All about B12 Testing
B12 is usually measured at total B12 (NHS) and is not necessarily a good guide to usable B12 levels. In blood it is bound either to haptocorrin (inactive) or transcobalamin (active). If we have a measure for active, then that gives us a better picture of B12 available for utilisation, although still might not be the whole story of course, because it still doesn’t tell us about clinical need or actual utilisation, as is the case with any blood test. What do the enzymes do with it when they use it as a cofactor?

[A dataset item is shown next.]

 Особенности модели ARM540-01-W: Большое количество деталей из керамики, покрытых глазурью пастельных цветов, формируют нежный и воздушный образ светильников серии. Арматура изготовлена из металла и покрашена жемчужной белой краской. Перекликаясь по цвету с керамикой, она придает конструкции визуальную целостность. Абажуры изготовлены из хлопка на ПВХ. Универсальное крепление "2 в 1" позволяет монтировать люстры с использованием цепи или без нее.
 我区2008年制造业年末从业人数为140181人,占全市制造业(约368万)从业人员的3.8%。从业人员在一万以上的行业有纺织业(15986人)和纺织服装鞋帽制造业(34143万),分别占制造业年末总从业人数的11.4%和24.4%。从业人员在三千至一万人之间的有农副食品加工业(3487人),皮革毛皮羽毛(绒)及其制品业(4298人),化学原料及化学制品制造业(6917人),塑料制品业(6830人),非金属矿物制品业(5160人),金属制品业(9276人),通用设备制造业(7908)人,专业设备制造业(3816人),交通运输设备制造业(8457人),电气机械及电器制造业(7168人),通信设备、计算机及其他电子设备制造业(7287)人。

This is where SNPs (giving us a picture of potential reduced or upregulated enzymatic function) or biomarkers that are a reflection of B12 activity (homocysteine/MMA etc), can help.

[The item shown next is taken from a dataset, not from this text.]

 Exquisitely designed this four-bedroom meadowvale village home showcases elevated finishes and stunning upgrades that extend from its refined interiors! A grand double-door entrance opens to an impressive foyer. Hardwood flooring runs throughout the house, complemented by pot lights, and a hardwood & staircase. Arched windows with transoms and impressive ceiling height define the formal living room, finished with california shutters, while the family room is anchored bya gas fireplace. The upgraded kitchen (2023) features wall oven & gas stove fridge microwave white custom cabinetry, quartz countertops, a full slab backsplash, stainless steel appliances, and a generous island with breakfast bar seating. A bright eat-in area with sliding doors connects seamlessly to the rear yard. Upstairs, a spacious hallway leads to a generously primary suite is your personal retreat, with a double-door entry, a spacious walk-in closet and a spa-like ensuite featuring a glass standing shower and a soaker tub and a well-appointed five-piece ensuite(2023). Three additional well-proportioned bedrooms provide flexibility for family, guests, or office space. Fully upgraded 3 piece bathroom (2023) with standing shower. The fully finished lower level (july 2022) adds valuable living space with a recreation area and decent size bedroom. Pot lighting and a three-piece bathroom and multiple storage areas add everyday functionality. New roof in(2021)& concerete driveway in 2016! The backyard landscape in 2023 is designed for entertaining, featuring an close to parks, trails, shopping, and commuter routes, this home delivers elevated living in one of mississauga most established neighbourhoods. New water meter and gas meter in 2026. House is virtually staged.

In terms of levels, we'll use OptimalDX (in UK, FunctionalDX), as a reference point, although there is some variation in opinions on ranges as usual. There is no 'one truth' as levels are agreed upon by various scientific bodies by consensus. OptimaDx range for total is 450-800 pg/mL (advise investigation if below 542 pg/mL (400 pmol/L) or above 881 pg/mL (650 pmol/L). As Active is roughly 10 - 30% of total, someone in “normal,” range might actually be B12 deficient. OptimalDx benchmarks active B12 at 54-188 pmol/L, suggesting investigation if below 70 (see below).
So, low total B12 is likely to be an issue, whatever. If we see that (and of course in context of SNPs), we’ll want to do something. BUT..

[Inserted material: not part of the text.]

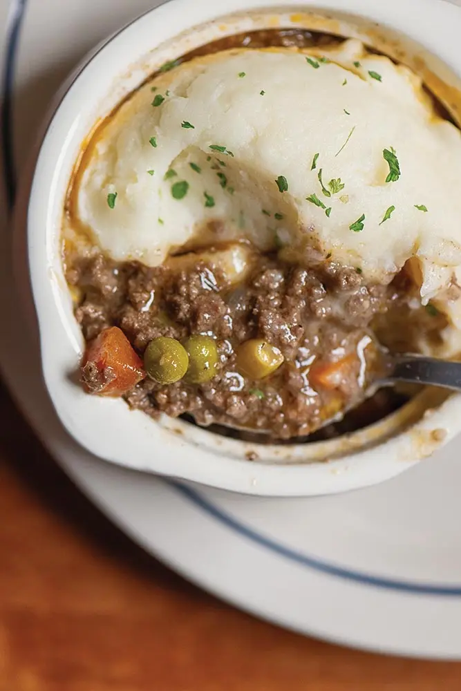 Pottle’s fare is homey too, most of it created from his family’s recipes. The pulled pork is inspired by his niece’s preparation: pork shoulder is slow-cooked in beef stock seasoned with garlic, onion powder, and brown sugar until it slouches into saucy slivers. The meat is piled into soft brioche buns and served with the vinegary cabbage slaw Pottle’s grandfather concocted in the 1960s for his Camden restaurant, Yorkie’s. Pottle’s chicken and biscuit is a spin on his mother’s Bisquick chicken pot pie, but he tops his creamy rosemary-and-thyme-scented stew with his grandma’s biscuits, the legendary mainstays of community suppers at Tranquility Grange, in Lincolnville.
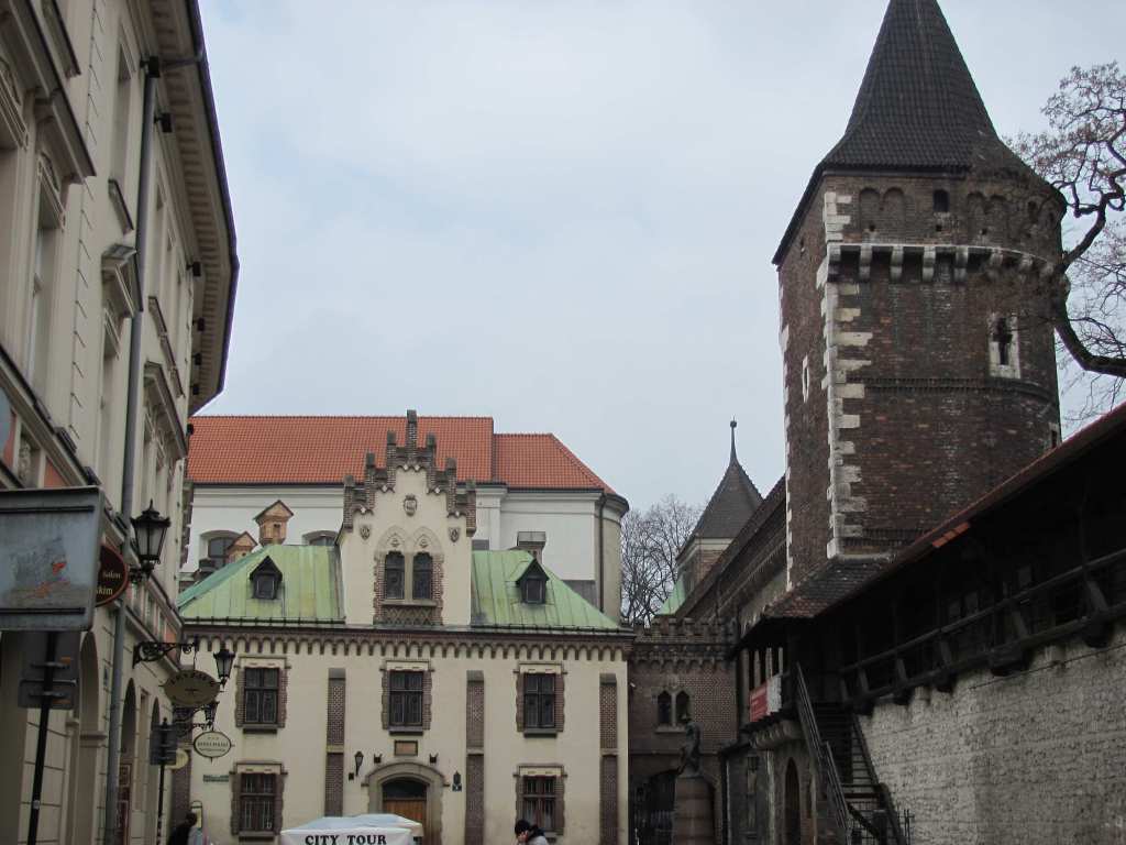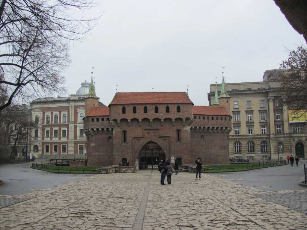 Our walking tour started from Kraków barbican (barbican – means outer fortification of a castle), this is the historical entrance leading to the old town of Krakow. This complex of fortification walls has toured the entire palace city of Krakow. It is currently a tourist attraction where many exhibitions are held (it is open to the public from 10:20 to 18:00 with an entrance fee of 18.00 PLN), but on a festive Saturday it was closed. The building itself resembles Arab rather than European architecture and, with its round façade, was a true masterpiece of military engineering at the time. It dates back to 1498 and is one of the few preserved in Europe, probably saved by the 3-meter-thick walls. In the past, it was directly connected to the fortress walls and served as an entrance door where those entering the city were checked.

‘Normal' total B12 may still not be sufficient. UK NHS considers above 250 pg/mL to be normal (BUT OptimalDx value is at least 542 pg/mL) And of course we would want to consider if it’s sufficient for the person’s needs, available, and being utilised. So if between approximately 25 and 500, we’d want to look at active B12 if we can, and/or MMA/homocysteine (functional biomarkers that indicate if being used), symptoms (fatigue, neurological), and SNPs (potential down regulation of genes using B12). In other words - NHS ’normal’ - look at the number and investigate further.
Even if we are at or above our optimal levels, there might be too little active available or, if there is, being utilised, so we could we should always consider SNPs, checking active levels if we don’t know, and/or MMA/homocysteine as biomarkers. Again, blood tests only tell us levels of availability NOT need/usage.